In questo caso, la memoria, la mia, mi riporta al tempo in cui si credeva che con l’avvento della tecnologia e con i suoi sviluppi alla fine l’uomo si sarebbe liberato dal lavoro quotidiano e ripetuto, almeno in gran parte. Conquistando così spazi di libertà per quanto riguarda altri aspetti della vita, quelli legati di più alla sfera del godimento personale, culturale, artistico e via dicendo. Un rapido sguardo a quello che accade attorno e si capisce che non è successo questo. Le nostre giornate sono ancora incentrate sull’orario di lavoro, che continua a determinare non solo qualsiasi tipo di relazione ma anche di retribuzione.
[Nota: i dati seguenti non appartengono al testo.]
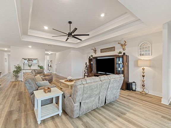 Sellers are ready to sell and open to reasonable offers! This stunning, almost new 3,113 square foot home has all the space you need and then some! This home boasts five bedrooms, three bathrooms, an office and a formal dining room, all in an open layout. Trey ceilings, granite countertops, and LVP flooring in the living areas make this home feel luxurious, while being so warm and inviting. The kitchen provides ample counter and cabinet space, plus a large walk-in pantry. The primary bedroom is spacious with an en-suite bathroom which offers a double vanity, separate shower and tub, and a walk-in closet. Still want more space? This home is situated on an acre lot! The lot is fully fenced with a 30'x40'x16' high quality pole barn. Covered porches in both the front and back so you can enjoy your expansive yard in comfort. Located on a quiet street convenient to everything you need, including shopping, dining, and the Escambia River.
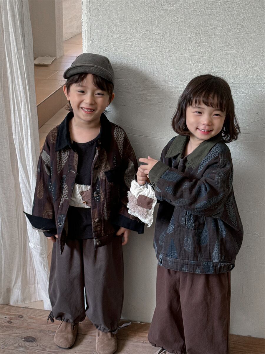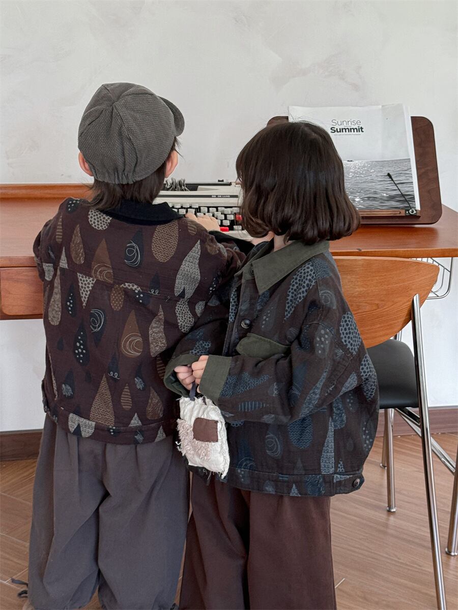 ・しずく柄シャツ (ブラウン/カーキ) JIAY 2024秋 韓国子供服 シャツ トップス 羽織り 柄シャツ 秋色 (80~140cm) 《取寄》
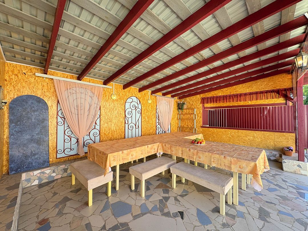 - На территории: Беседка с освещением на 30-40 человек, мангальная площадка, парковка на 20 автомобилей.
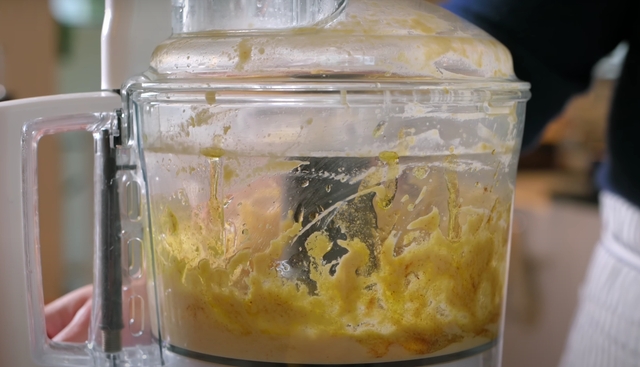 Kıvam almaya başladığı sırada sarımsaklarınızı ezin ve ezdiğiniz sarımsakları, kimyonu, tuzu, karabiberi de karışımınıza ekleyin. Malzemeler pürüzsüz olana kadar çırpmaya devam edin.
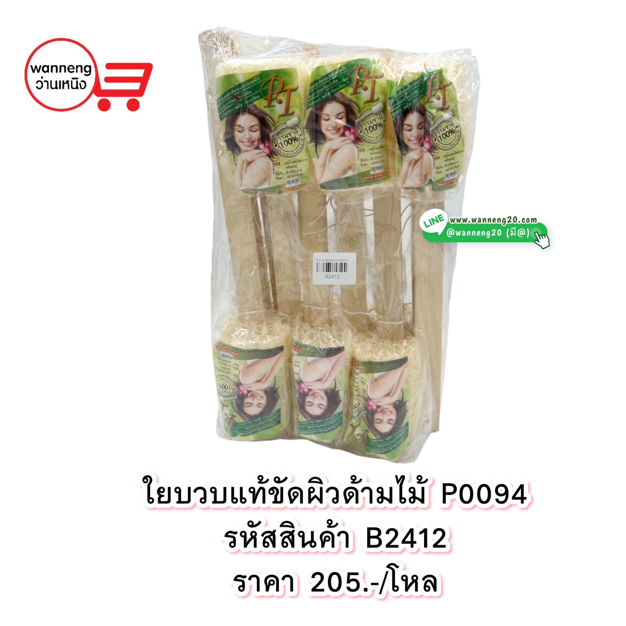 B2412 ใยบวบแท้ขัดผิวด้ามไม้ PT 1 โหล
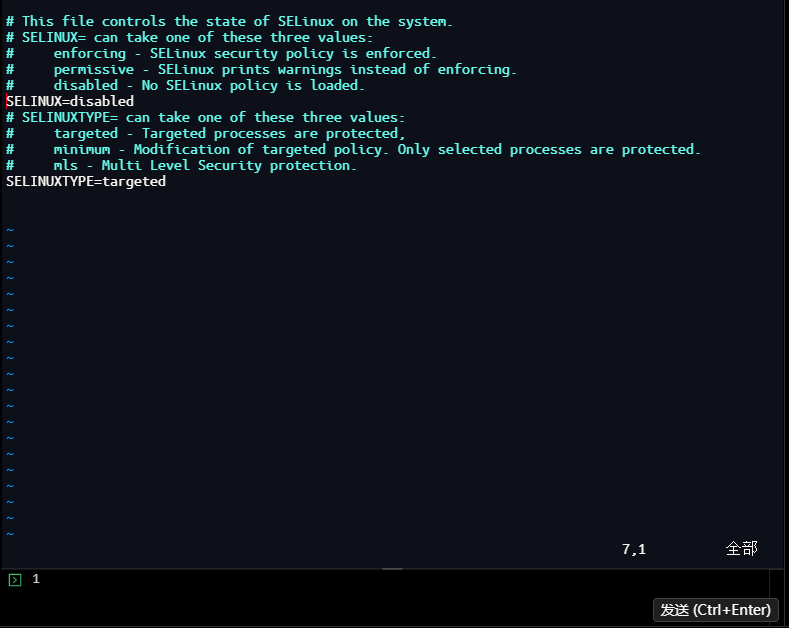 # 编辑SELinux配置文件
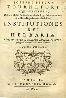 - Joseph Pitton de Tournefort, Josephi Pitton Tournefort,... Institutiones rei herbariae. Tomus 1, Typographia regiaTypographia regia (Parisiis), 1700-1703 (lire en ligne)
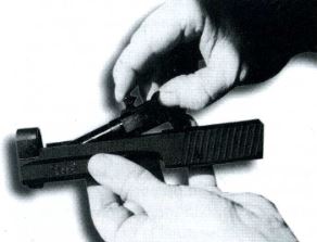 Como medida de seguridad previa, se extrae el cargador comprobándose si hay un cartucho en la recámara. Acto seguido se tira hacia atrás de la corredera hasta el tope y, presionando hacia arriba el retén de aquélla, se le mantiene en posición abierta.
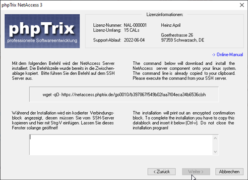 Auf dieser Seite müssen Sie später den verschlüsselten Verbindungsdatenblock aus der Serverinstallation eintragen. Lassen Sie dieses Fenster geöffnet während Sie die nachfolgenden Schritte durchführen.
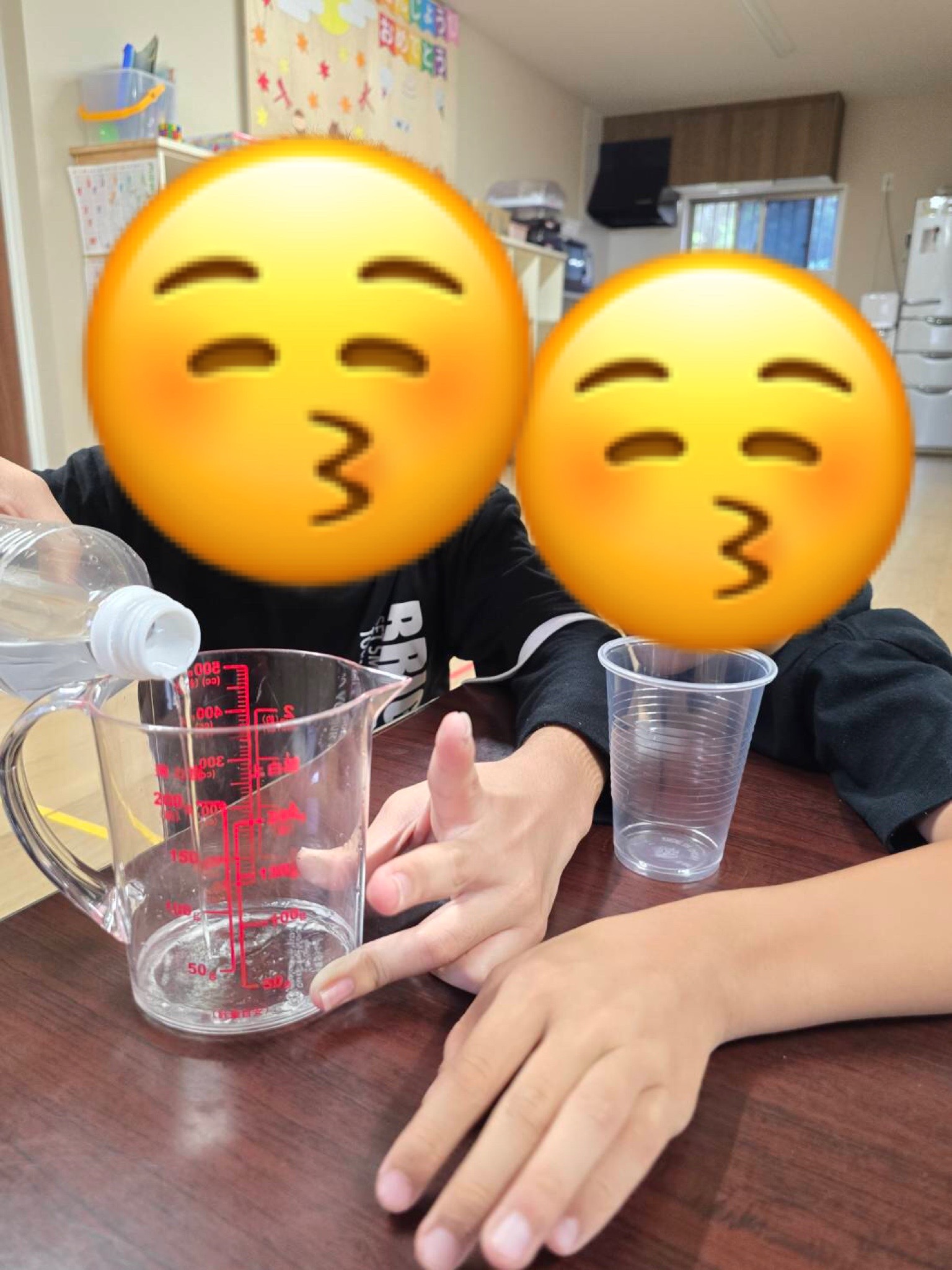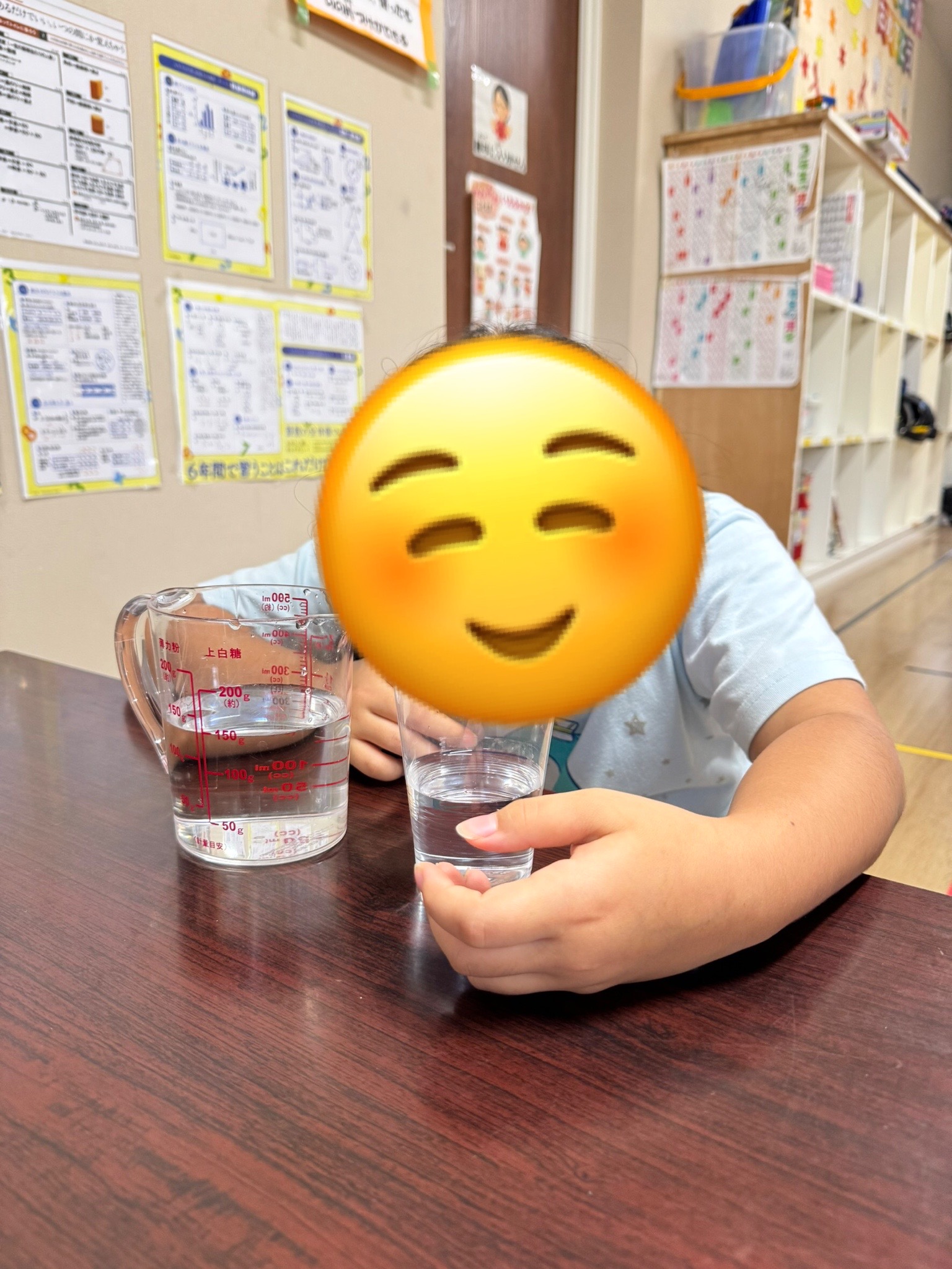 ①まず始めに、計量カップに水を100ml測ってコップに入れいました。

Questo orario di lavoro, molte volte collegato a mansioni di cui sfugge il senso dell’utilità sociale, strettamente collegato a un risultato misurabile e al profitto, ha scartato molte altre attività umane considerate non profittevoli. Andando a memoria ad alcuni passaggi di un vecchio testo fuori commercio di Herbert Marcuse, in cambio delle merci e degli oggetti che arricchiscono le nostre vite gli individui vendono non solo il loro (tempo) lavoro ma anche il loro tempo libero. In questo modo, sommersi dalle infinite possibilità che tali oggetti consentono tenendoci sempre occupati, alla fine non c’è più tempo per pensare e magari capire che potremmo sia lavorare meno, sia determinare i propri bisogni e soddisfazioni.

Oggi sembra impossibile. Schiacciati come siamo sul momento e su quello successivo che si presenta, guarda un po’, comunque sempre problematico, si resta intrappolati nell’attuale sistema economico-sociale alla fine considerandolo unico, insuperabile. Ci dobbiamo accontentare, insomma, anzi bisogna gioire di quello che abbiamo perché domani… e sì, domani andrà sicuramente peggio e allora… Pure fosse vero, con i dati scientifici che lanciano allarmi su allarmi, non c’è nessuna ragione, nessun motivo a pensare che le cose non possano prendere un’altra piega, magari migliore. Insomma, temo che la paura del futuro che ormai viene alimentata e che ha preso piede in ognuno di noi, alla fine non si traduca nell’accontentarsi e mangiare pure sorridendo la solita minestra, sempre più indigesta. Rinunciando alla possibilità di seguire altre strade, di gioire anche il lunedì. C’è bisogno di più cultura interpersonale, di fare e valorizzare più la comunità. Nel momento in cui ci accorgiamo che tanti problemi delle nostre singole vite, che magari attribuiamo a nostri fallimenti individuali, nella realtà sono molto comuni e condivisi, bisogna capire che possono avere cause strutturali. Che se ne esce solo cambiando lo status quo. Dove possiamo trovare lo spirito, il desiderio di superare questo modello economico che ci condanna all’infelicità? Bisogna avere coraggio, battere strade nuove di pensiero e di comportamenti. Un coraggio che si rafforza e si nutre di nuove narrazioni, di storie positive di comunità, di esperienze riuscite in questo  o quel luogo, creando un circolo virtuoso dove mettere a confronto le persone, anche le più diverse o tenute ai margini e, prendendoci cura l’un con l’altro, acquisire sempre più forza per sconfiggere la paura del futuro, dell’impossibilità di una vita diversa e migliore per tutti.